Second, this phrase conveys empathy. I hear you” does not mean “I agree with you.” It says, “we get it” and lets the person know we are acknowledging and validating that this is how they feel. We can take it one step further. As explained in a Harvard Business Review article:

“Empathy is the tendency to feel someone else’s emotions as if we were

feeling them. Compassion, on the other hand, is proactive. Compassion is

an intent to contribute to the happiness or well-being of others.”

If we follow “I hear you” with “how can I help?”, we demonstrate empathy, care, and compassion. When we utter either phrase in a group situation, our modeling of empathy and compassion will have a positive ripple effect across the group.

Ask Me Anything

“Ask me anything” is a potent phrase. I believe it epitomizes the leadership value of transparency: being open, honest, and accessible.

Transparency in leadership is consistently rated at the top of employees’ list of workplace needs. It is also a top factor in determining employee happiness. This is certainly understandable. The desire for transparency is rooted in self-preservation. When employees sense that the truth is being hidden, the natural tendency is to worry, lose morale, spread negativity, and fill the information gap with speculation. Obviously, some information is sensitive. But “I can’t tell you” should be the exception and not the rule.

As leaders, we need to demonstrate transparency through both our words and actions. We need to practice what we preach. Here are some practices that will improve our transparency as leaders:

  • Include employees in the loop whenever possible, even when the news may be difficult to hear.

  • Accompany assignments and requests with context and background so the team understands why this is a priority or why we are taking this approach.

  • Share our messes, not just our successes so the team both learns to trust us and learns from our mistakes.

  • Adopt an open-door policy and invite and respond to all feedback, even if it is negative or critical.

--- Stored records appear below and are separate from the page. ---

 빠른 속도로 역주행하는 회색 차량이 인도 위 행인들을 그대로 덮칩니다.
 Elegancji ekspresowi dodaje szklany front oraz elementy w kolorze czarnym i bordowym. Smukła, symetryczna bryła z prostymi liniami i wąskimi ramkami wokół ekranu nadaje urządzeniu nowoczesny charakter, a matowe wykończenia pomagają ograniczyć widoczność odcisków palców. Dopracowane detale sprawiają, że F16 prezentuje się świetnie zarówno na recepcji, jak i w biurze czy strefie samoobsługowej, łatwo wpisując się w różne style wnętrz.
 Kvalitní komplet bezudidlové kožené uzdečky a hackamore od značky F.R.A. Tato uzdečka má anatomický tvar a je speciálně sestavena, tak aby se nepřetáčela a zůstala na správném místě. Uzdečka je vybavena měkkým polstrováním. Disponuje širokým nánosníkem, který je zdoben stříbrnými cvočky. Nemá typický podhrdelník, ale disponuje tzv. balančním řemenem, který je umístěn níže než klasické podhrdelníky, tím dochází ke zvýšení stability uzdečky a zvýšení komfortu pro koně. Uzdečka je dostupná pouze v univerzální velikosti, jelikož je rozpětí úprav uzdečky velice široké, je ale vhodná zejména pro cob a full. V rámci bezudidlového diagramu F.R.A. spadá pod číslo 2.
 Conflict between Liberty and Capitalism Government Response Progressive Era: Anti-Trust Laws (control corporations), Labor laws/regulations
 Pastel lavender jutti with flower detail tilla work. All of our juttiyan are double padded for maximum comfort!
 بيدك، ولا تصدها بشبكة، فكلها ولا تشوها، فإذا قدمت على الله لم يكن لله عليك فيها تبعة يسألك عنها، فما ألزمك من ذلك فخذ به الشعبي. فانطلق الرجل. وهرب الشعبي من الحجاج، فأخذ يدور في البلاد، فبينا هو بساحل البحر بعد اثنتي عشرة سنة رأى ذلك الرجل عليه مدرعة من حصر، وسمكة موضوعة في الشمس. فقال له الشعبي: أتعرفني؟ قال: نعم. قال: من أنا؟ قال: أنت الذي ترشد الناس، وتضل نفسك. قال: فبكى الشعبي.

Transparency is not accomplished by a single act. It needs to be established by our words and actions over time. If we are honest and transparent with our co-workers, we will earn the same in return. And the positive impact on our workplace culture will be exponential.

Let’s Do This

I am a fan of this phrase for three reasons. One of the most important characteristics of a great leader is decisiveness. “Let’s do this” shows decisiveness and lets the team know we stand by our decision. There is nothing wishy-washy about this phrase.

This phrase connotes a belief in both the idea and the team, with a willingness to press forward even if we have not figured everything out yet. Balanced leadership means we are grounded in both our heads and our hearts. Although our brains love data and it would be nice to have research backing all our decisions, great leaders have confidence in their intuition and making decisions based on their gut feelings.

“Let’s do this” also conveys team cohesiveness, and we are ready and willing to do our part. It strikes me as a rallying cry that just exudes positivity. It creates an ownership mentality, where every member of the team feels like they are part of something big and can make a difference.

I enjoyed reading Jeremy Kingsley’s clarity on the subject: “A boss says, ‘do that.’ A good leader says, ‘let’s do this’.”

Our words matter. Each of these phrases may contain only three little words, but together they pack a punch. Zig Ziglar is quoted as saying “There is power in words. What you say is what you get.” If we incorporate these three-word phrases into our leadership vocabulary, we will set the tone for strong leadership values and reap so much in return. When our actions mirror our words, our trustworthiness and leadership impact will soar.